Across seven decades as a working reporter and over 10,000 columns filed, journalist Murray Kempton’s approach, from the ‘50s to his death in 1997, was always the same: stick up for the people and do so with uncommon style and grace. The winner of a Pulitzer Prize and a National Book Award, he reported for the New York Post, the New Republic, Newsday, and the New York Review of Books – among other publications – and was credited, by David Halberstam, for pioneering the genre of New Journalism.
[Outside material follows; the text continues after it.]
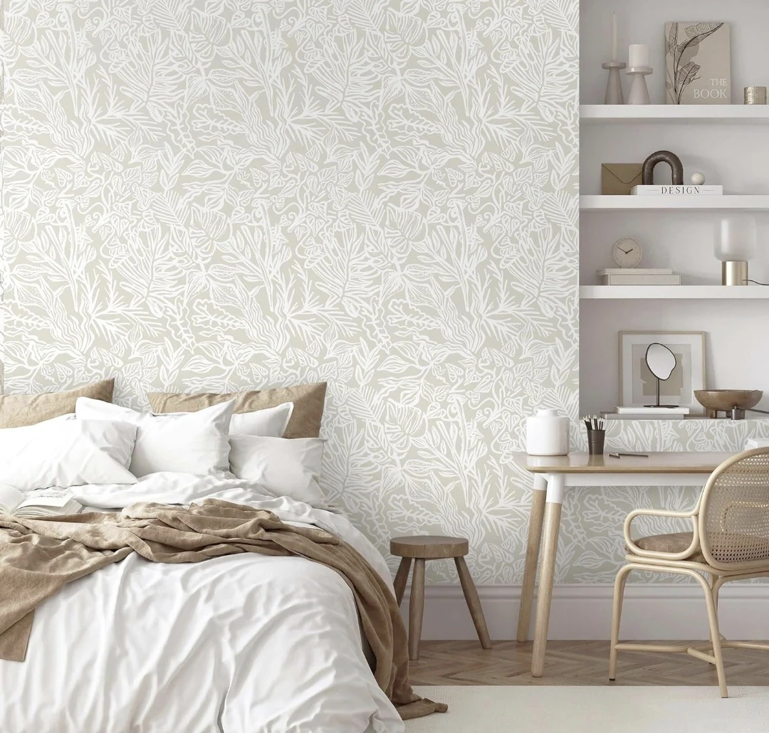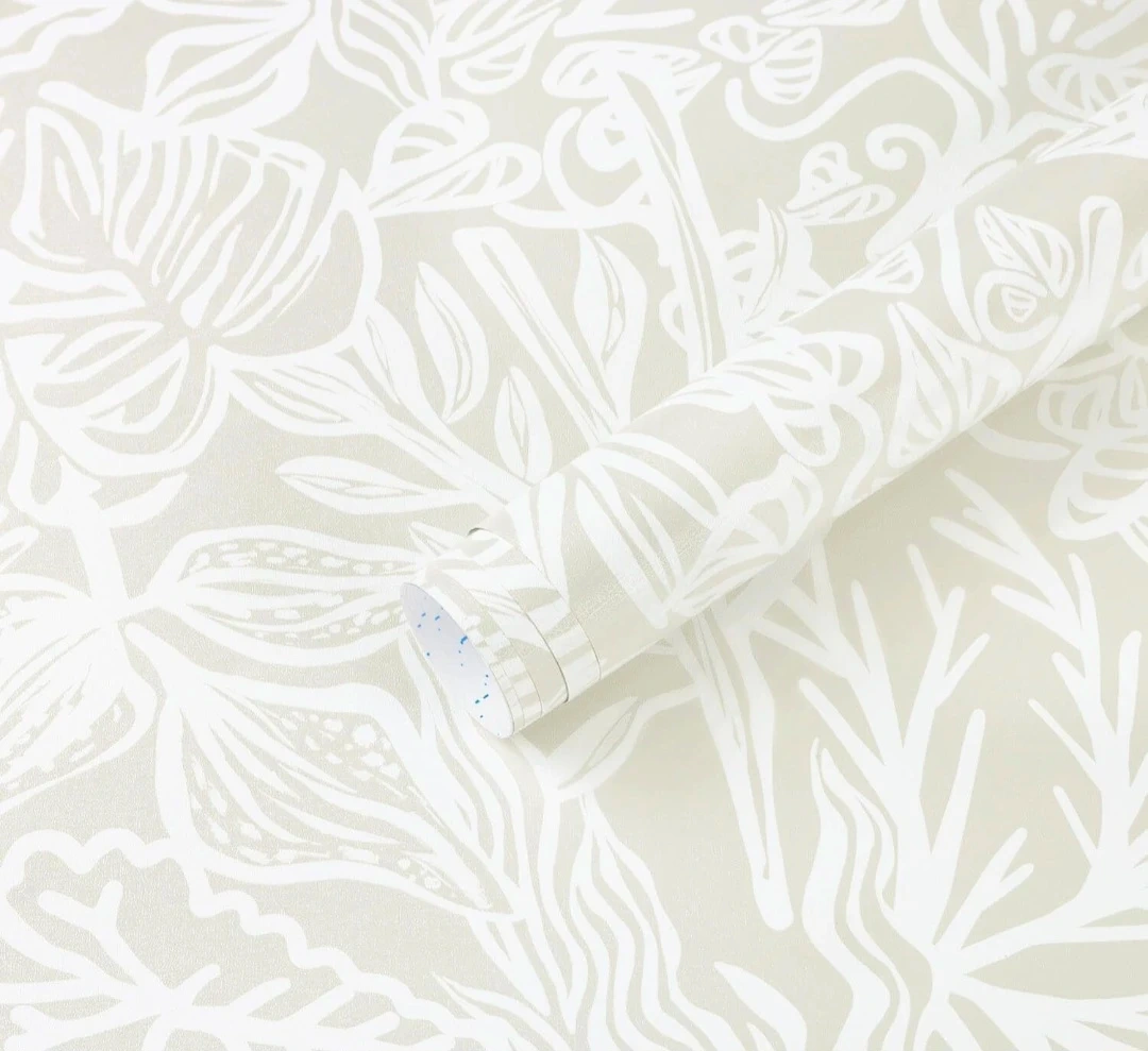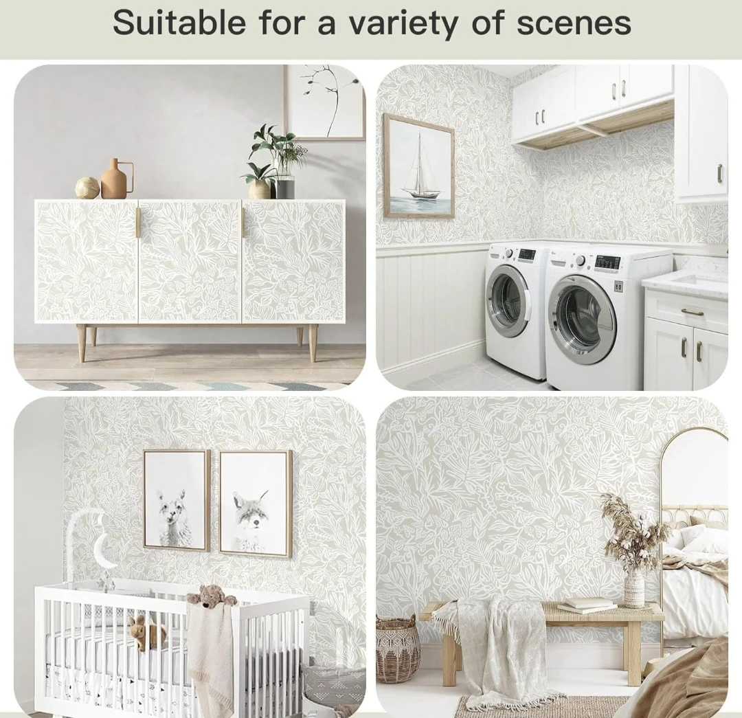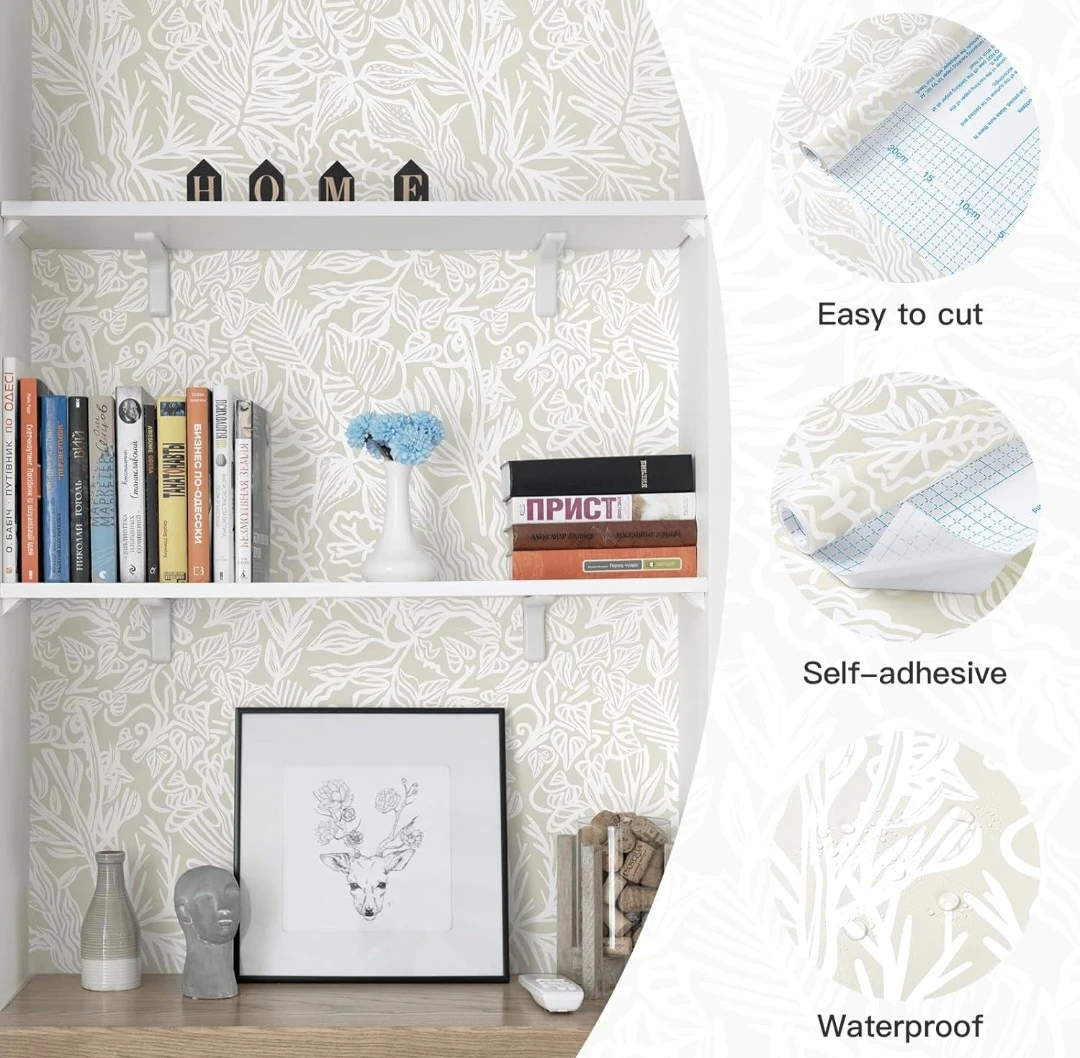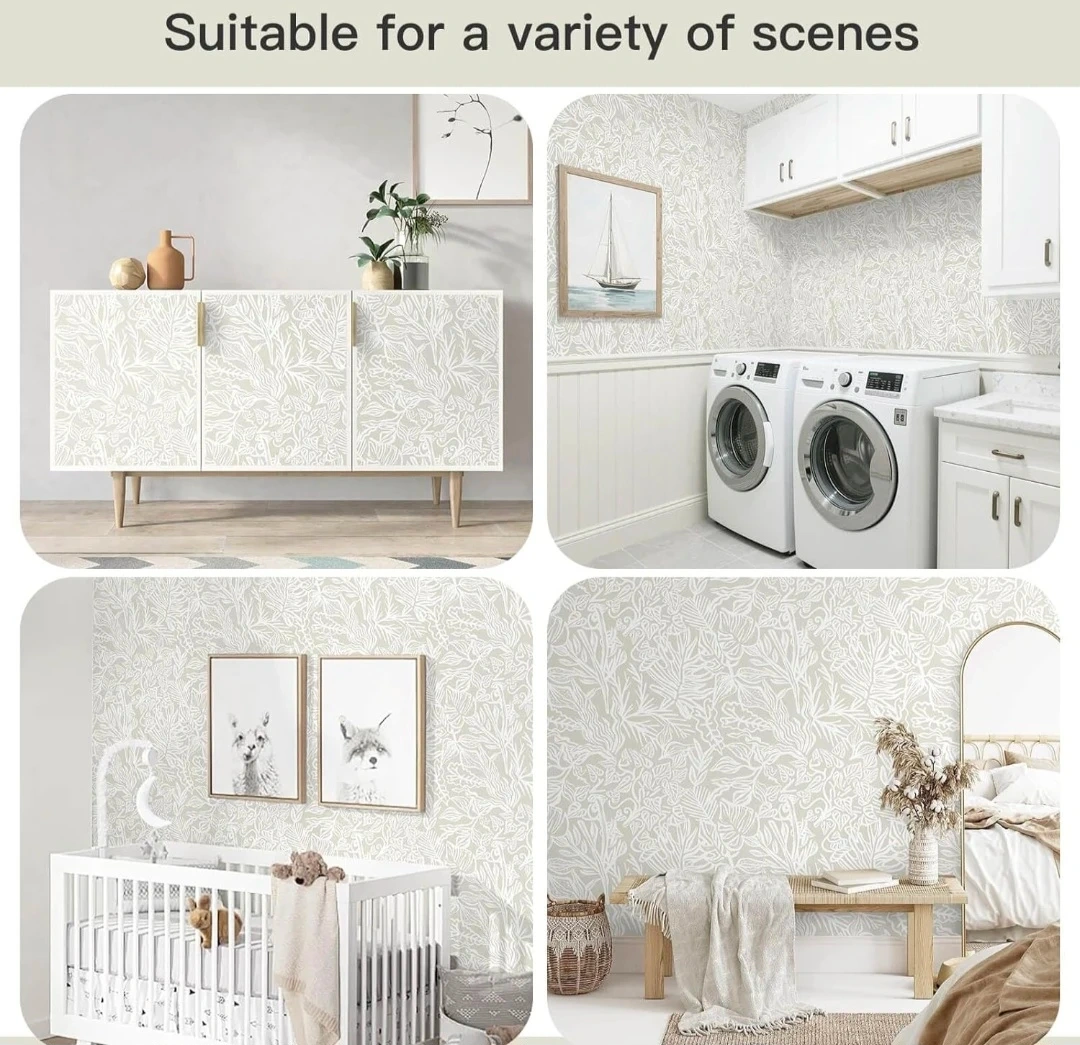 2 rolls of Floral Beige/White Leaf Peel & Stick Wallpaper. New. Each roll is 17.3"x78.7". It's self-adhesive, waterproof, and easy to cut. It's suitable for a variety of scenes!

Kempton elevated the art of reporting as both a stylist and a moralist, matching his attentiveness to wit and irony with what one critic called “a compassion that is sometimes unruly.” The scion of an aristocratic Southern family who rejected his staid upbringing to become a radical socialist, he was an eloquent defender of American communists during the McCarthy era and one of the first white reporters to make the Civil Rights Movement into a beat. And he was an indelible New York character, traveling across Manhattan by bike, even as an old man, a Walkman around his neck.
The Little Piece of the World That We Know: Selected Writings of Murray Kempton is the first collection of Kempton’s writing to appear in over a quarter-century. In collecting these pieces, historian Andrew Holter, with the collaboration of Kempton’s estate and the family of Barbara Epstein, his longtime companion, blows the dust off an illustrious body of work. The book puts one of the most revered, if too long unsung, American nonfiction writers of the 20th century into conversation with controversies of the 21st that he anticipated. These include the ascendancy of Donald Trump, whom Kempton took seriously in the 1980s; the reckoning of the Black Lives Matter movement; the disappearance of daily newspapers; and the crises of homelessness and mass incarceration.
Especially among reporters themselves, Kempton’s name is invoked with the kind of reverence reserved not merely for a master of the craft but for one of the profession’s virtuoso stylists and a paragon of journalistic integrity.